Understand the user communities. Create a 4C Context Diagram to show who the users are and what the expect. Ideally, it's small with "users" and "administrators." It may turn out to be big with complex privilege rules to segregate users.

It's hard to get this right. Everyone wants the code "converted". But no one really knows all the things the code does. There's a lot of pressure to ignore this step.

This step creates the definition of done. Without this, there's no way to do anything with the CGI code and make sure that the original features still work.

Step Two

Create a 4C Container Diagram showing the Apache HTTPD (or whatever server you're using) that fires the CGI. Document all other ancillary things are going on. Ideally, there's nothing. Ideally, this is a minor, stand-alone server that no one noticed until today. Label this picture "As Is." It will change, but you need a checklist of what's running right now. 

(This should be very quick to produce. If it's not, go back to step one and make sure you really understand the context.)

Step Three

Create a 4C Component Diagram, and label it "As Is". This has all the parts of your code base. Be sure you locate all the things in the local site-packages directory that were added onto Python. Ideally, there isn't much, but -- of course -- there could be dozens of add-on libraries.
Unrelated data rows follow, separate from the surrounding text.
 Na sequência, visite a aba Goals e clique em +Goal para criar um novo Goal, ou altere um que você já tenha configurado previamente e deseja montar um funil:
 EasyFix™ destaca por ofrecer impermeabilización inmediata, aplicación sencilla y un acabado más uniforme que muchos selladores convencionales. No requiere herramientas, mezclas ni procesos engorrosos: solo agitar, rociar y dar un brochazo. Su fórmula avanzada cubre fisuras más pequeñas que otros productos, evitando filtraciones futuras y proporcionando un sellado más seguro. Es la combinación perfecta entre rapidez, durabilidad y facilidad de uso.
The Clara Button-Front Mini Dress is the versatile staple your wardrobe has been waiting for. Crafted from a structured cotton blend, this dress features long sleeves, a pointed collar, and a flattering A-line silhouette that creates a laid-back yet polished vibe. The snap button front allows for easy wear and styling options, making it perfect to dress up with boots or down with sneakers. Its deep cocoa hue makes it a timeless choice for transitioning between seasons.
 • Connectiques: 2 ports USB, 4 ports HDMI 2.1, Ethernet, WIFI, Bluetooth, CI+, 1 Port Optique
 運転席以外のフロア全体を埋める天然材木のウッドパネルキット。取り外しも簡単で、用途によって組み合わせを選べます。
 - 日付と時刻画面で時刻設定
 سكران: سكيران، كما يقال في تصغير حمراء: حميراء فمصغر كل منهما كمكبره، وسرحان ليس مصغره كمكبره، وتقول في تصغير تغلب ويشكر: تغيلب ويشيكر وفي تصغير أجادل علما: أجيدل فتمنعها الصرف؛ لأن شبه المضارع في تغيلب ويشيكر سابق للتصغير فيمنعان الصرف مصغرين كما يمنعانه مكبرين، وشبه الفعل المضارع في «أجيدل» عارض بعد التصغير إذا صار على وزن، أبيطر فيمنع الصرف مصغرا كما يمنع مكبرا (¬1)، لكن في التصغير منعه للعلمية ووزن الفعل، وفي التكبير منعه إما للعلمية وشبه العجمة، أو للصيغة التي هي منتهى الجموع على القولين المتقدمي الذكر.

You will have several lists. One list has all the things in site-packages. If the PYTHONPATH environment variable is used, all the things in the directories named in this environment variable. Plus. All the things named in import statements.
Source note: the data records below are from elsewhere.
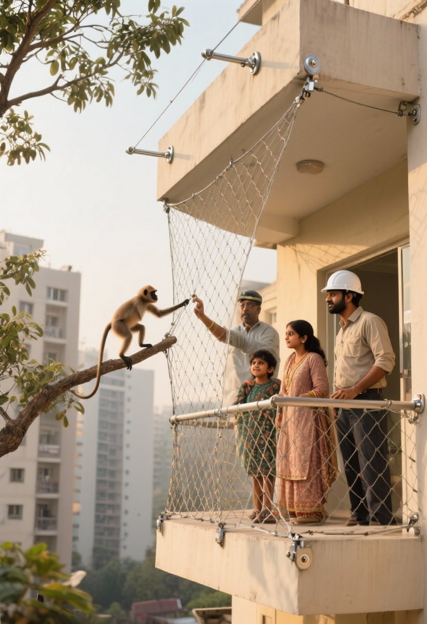 Monkey safety nets are strong, weather-resistant nets fixed around balconies, windows, terraces, or open areas to prevent monkeys from entering. They act as a protective barrier while still allowing air and light to pass through, keeping your home secure without blocking ventilation.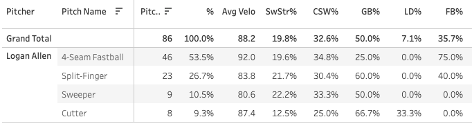 Logan Allen, no not that one - the new one, showed out in his Major League debut yesterday: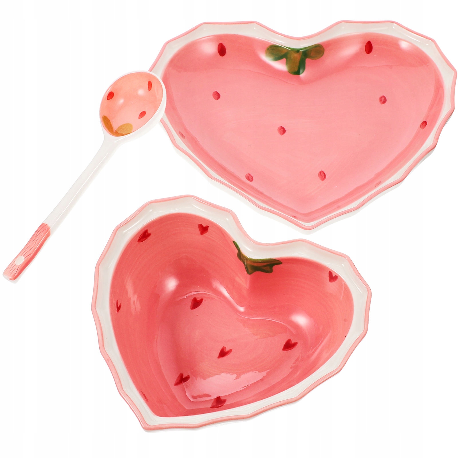 1 КОМПЛЕКТ РОЗОВЫХ КЕРАМИЧЕСКИХ ТАРЕЛОК И ЛОЖЕК ДЛЯ ПОДАЧИ САЛАТА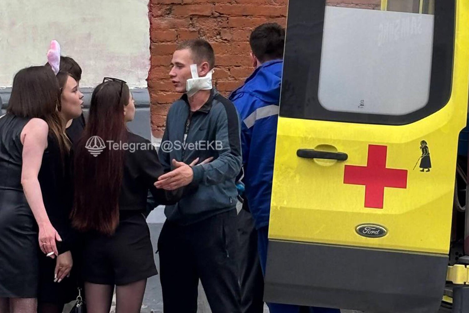 Молодой человек получил ножевое ранение в шею в центре Екатеринбурга. Фото с места событий опубликовал Telegram-канал «Свет Екатеринбург».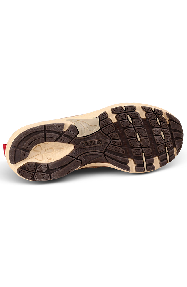 • Materialien: Obermaterial & Logo: Veganes Leder auf Maisabfallbasis und veganes Wildleder aus Zuckerrohr + recyceltem PET. Mesh: Recycelte PET-Flaschen (100%). Einlegesohle: Recycelter PU-Schaum und FSC-zertifizierter Kork. Sohle: Naturkautschuk aus nachhaltigem Anbau (40%) und recycelte PET-Flaschen (10%). Futter: REWAVE™-Futter aus Bambusfasern und recyceltem PET. Nähte und Schnürsenkel: Recycelte PET-Flaschen (100%)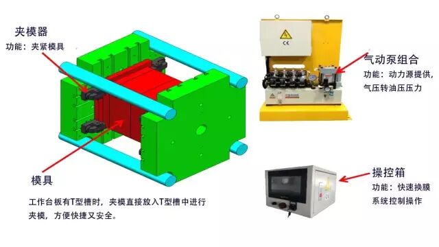 广州能之原科技股份有限公司旗下控股公司——广州快模科技有限公司,专注生产快速换模系统,此系统包含夹模器、气动泵组合、操控箱。使用本产品换模时间可节约90%以上;能满足所有品种,少批量生产需要,减少库存,产品和资金积压,提高产销速度和资金回转。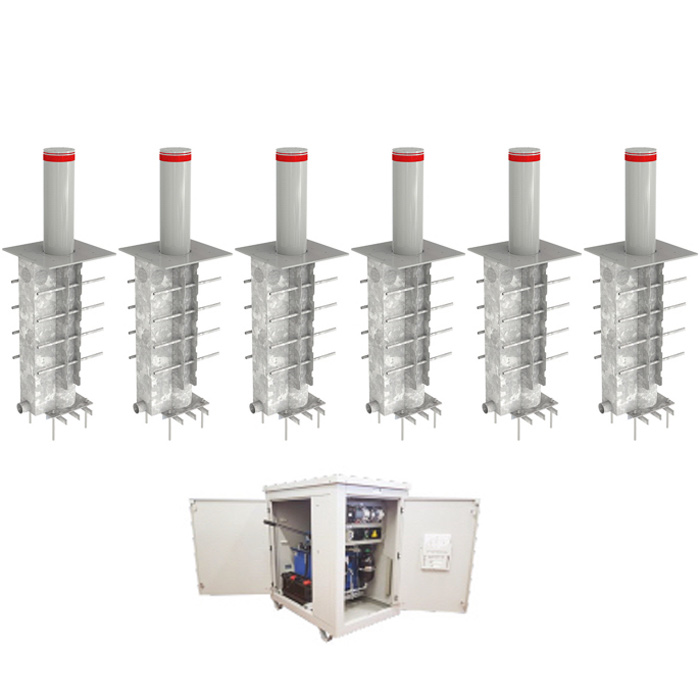 6 боллардов, шкаф управления с рукавом высокого давления 10 метров и межблочным рукавом 1,2 метра, датчик уровня масла, ручной аварийный насос и кнопочная станция (HPU-EBTN).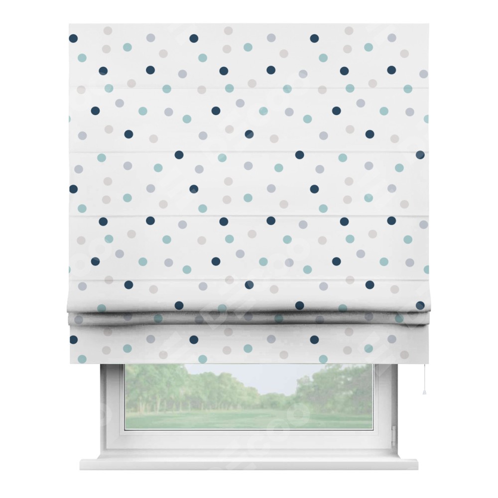 Римская штора производителя «Cortin», используется для проёма, пошита из ткани блэкаут с нанесением сублимационной печати «Точки». Имеет универсальный механизм и подходит для монтажа: на потолок, на стену и в нишу.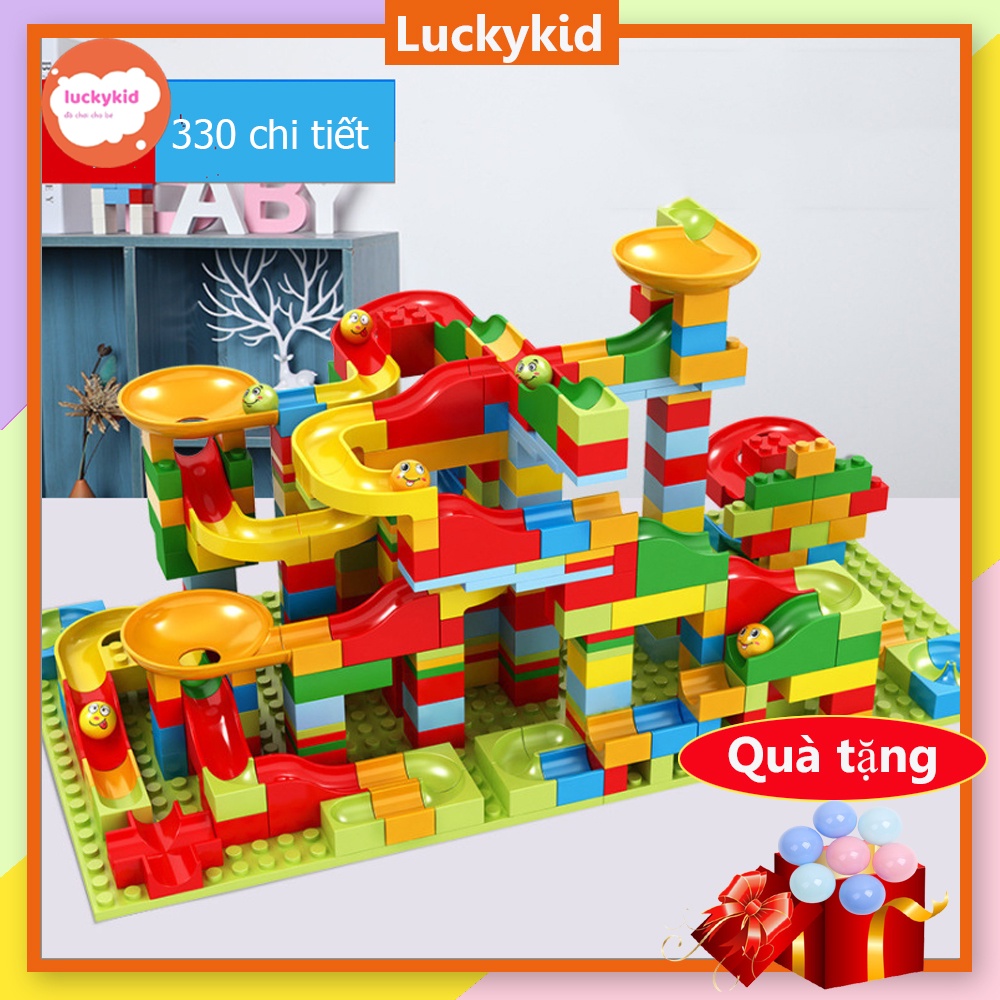 Đồ chơi cho bé lắp ráp xếp hình lego lắp ghép mô hình thả bóng xoay tròn tháp bóng lăn cầu trượt cho bé trai bé gái free ship

These lists should overlap. Of course someone can install a package that's not used, so the site-packages list should be a superset of the import list.

This is a checklist of things that must be read (and possibly converted) to build the new features.

Step Four?

You'll need two suites of fully automated tests. 
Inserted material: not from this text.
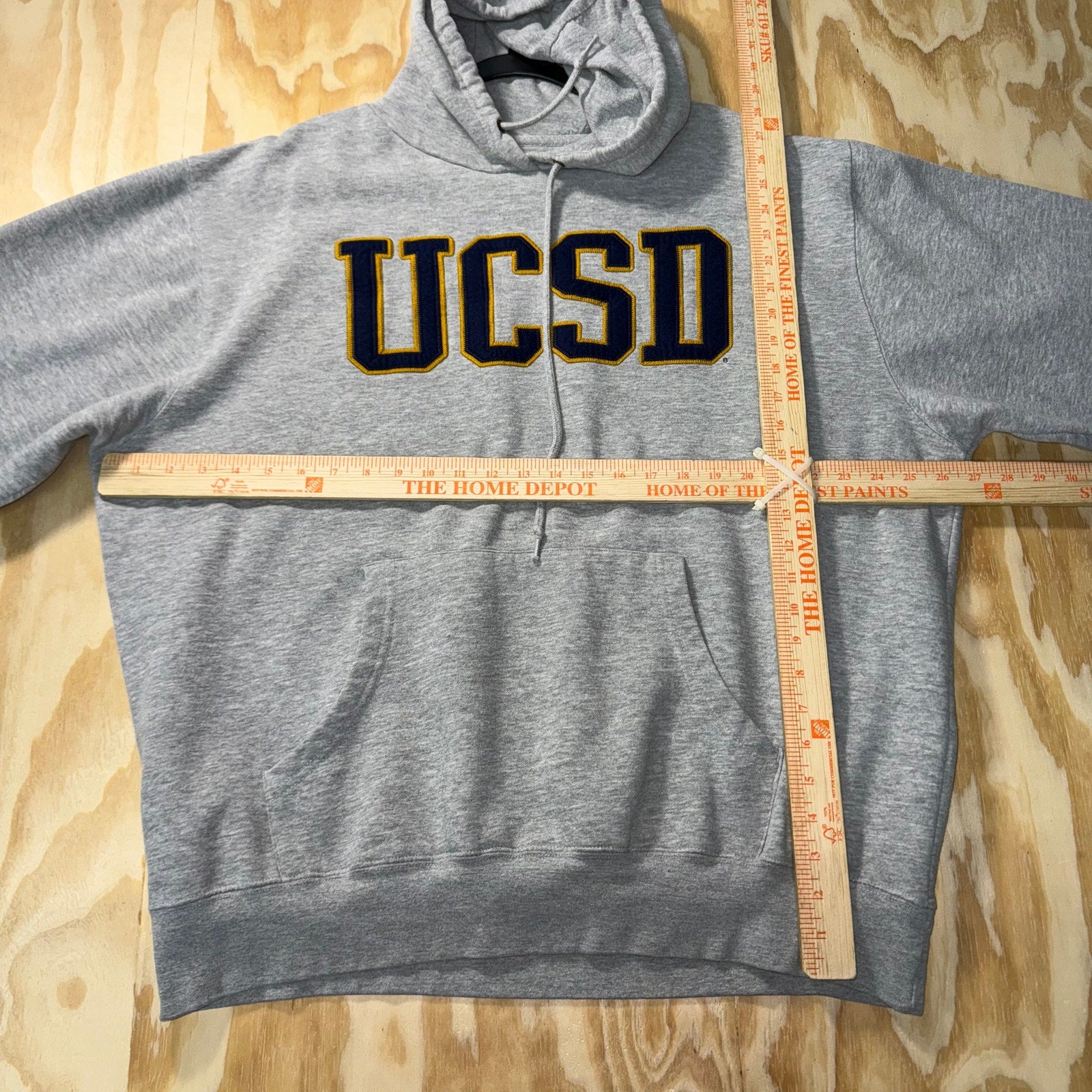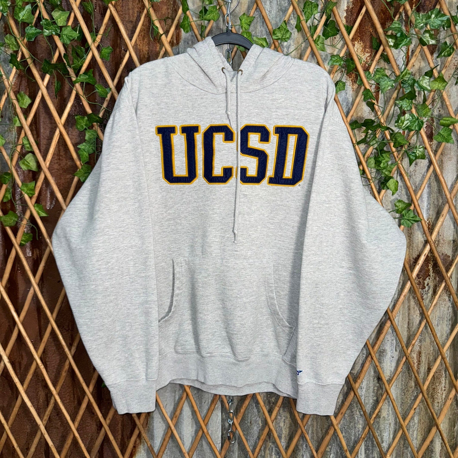 Vintage / Y2K UCSD university California San Diego 2000s era on blue 84 Tag, Heather Gray, long sleeve hooded sweatshirt hoodie essential embroidered Patch logo collegiate college

  • Unit tests for the Python code. This must have 100% code coverage and will not be easy.
  • Integration tests for the CGI. You will be using the WSGI module instead of Apache HTTPD (or whatever the server was) for this testing. You will NOT integrate with the original web server, because, that interface is no longer supported and is a security nightmare.

Let's break this into two steps.

Step Four

You need automated unit tests. You need to reach at last 100% code coverage for the unit tests. This is going to be difficult for two reasons. First, the legacy code may not be easy to read or test. Second, Python 2 testing tools are no longer well supported. Many of them still work, but if you encounter problems, the tool will never be fixed.

If you can find a Python 2 version of coverage, and a Python 2 version of pytest, I suggest using this combination to write a test suite, and make sure you have 100% code coverage. 

This is a lot of work, and there's no way around it. Without automated testing, there's no way to prove that you're done and the software can be trusted in production.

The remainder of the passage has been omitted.